> _Requirement_: Down to the last line, print the data that follows exactly, without its pictures.

(Provided data)

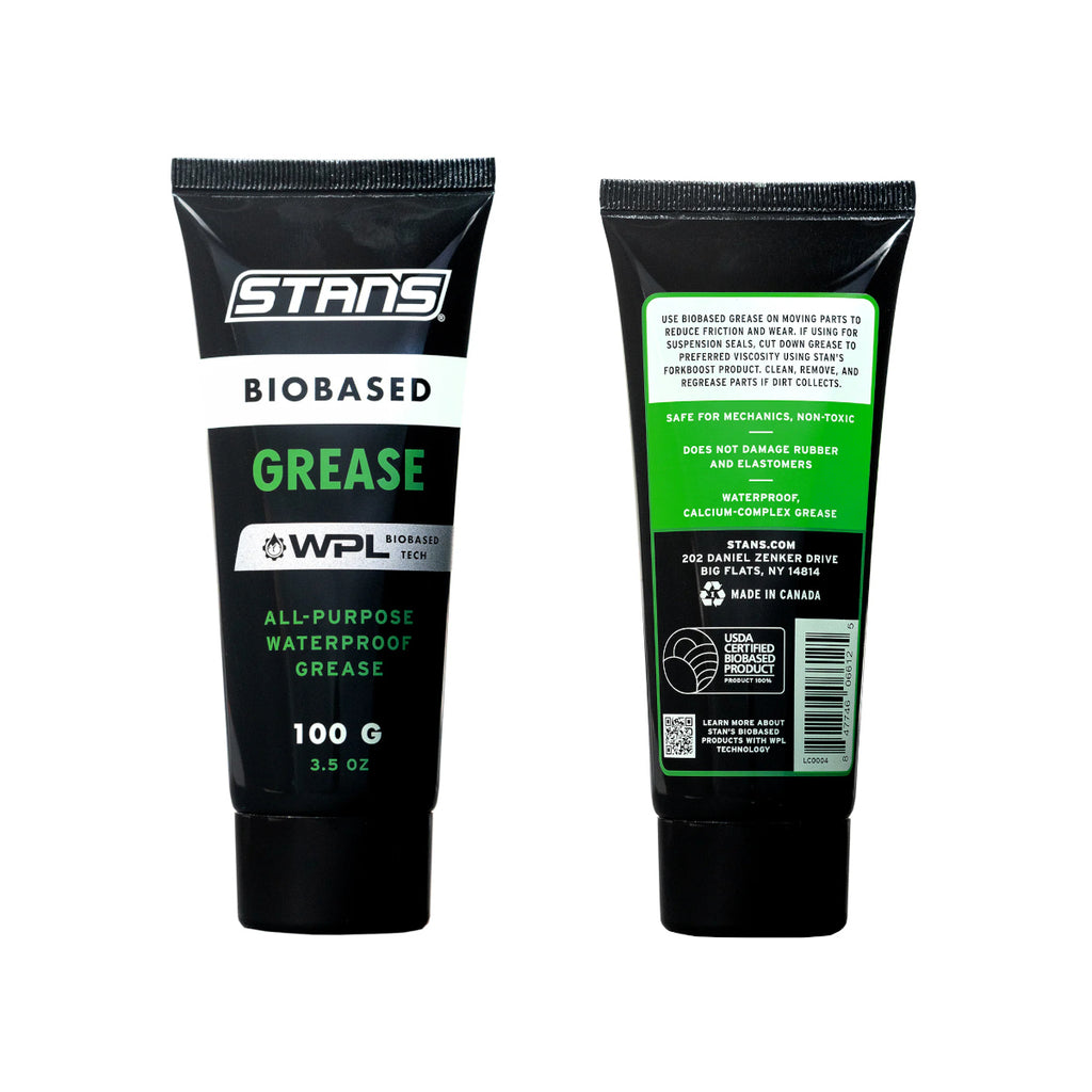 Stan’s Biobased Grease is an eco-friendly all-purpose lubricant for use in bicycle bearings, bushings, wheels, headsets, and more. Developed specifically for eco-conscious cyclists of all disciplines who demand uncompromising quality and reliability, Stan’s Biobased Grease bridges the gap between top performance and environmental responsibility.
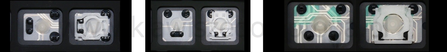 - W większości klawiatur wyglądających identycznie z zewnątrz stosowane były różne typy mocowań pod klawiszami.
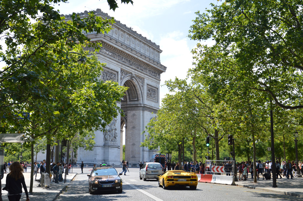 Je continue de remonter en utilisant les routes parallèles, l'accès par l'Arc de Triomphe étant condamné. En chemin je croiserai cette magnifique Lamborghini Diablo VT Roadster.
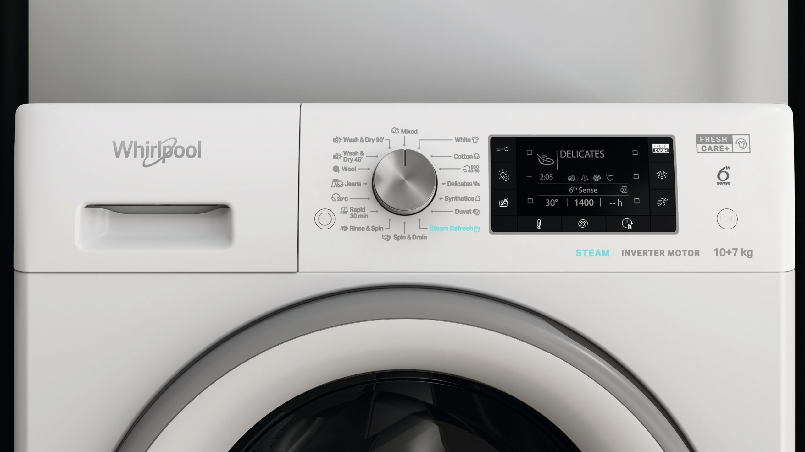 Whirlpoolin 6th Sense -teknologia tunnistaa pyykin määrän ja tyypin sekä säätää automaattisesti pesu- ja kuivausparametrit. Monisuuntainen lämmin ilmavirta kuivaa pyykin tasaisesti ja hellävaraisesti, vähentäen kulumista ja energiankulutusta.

(End Provided data)

> _Response box_:
 Stan’s Biobased Grease is an eco-friendly all-purpose lubricant for use in bicycle bearings, bushings, wheels, headsets, and more. Developed specifically for eco-conscious cyclists of all disciplines who demand uncompromising quality and reliability, Stan’s Biobased Grease bridges the gap between top performance and environmental responsibility.
 - W większości klawiatur wyglądających identycznie z zewnątrz stosowane były różne typy mocowań pod klawiszami.
 Je continue de remonter en utilisant les routes parallèles, l'accès par l'Arc de Triomphe étant condamné. En chemin je croiserai cette magnifique Lamborghini Diablo VT Roadster.
 Whirlpoolin 6th Sense -teknologia tunnistaa pyykin määrän ja tyypin sekä säätää automaattisesti pesu- ja kuivausparametrit. Monisuuntainen lämmin ilmavirta kuivaa pyykin tasaisesti ja hellävaraisesti, vähentäen kulumista ja energiankulutusta.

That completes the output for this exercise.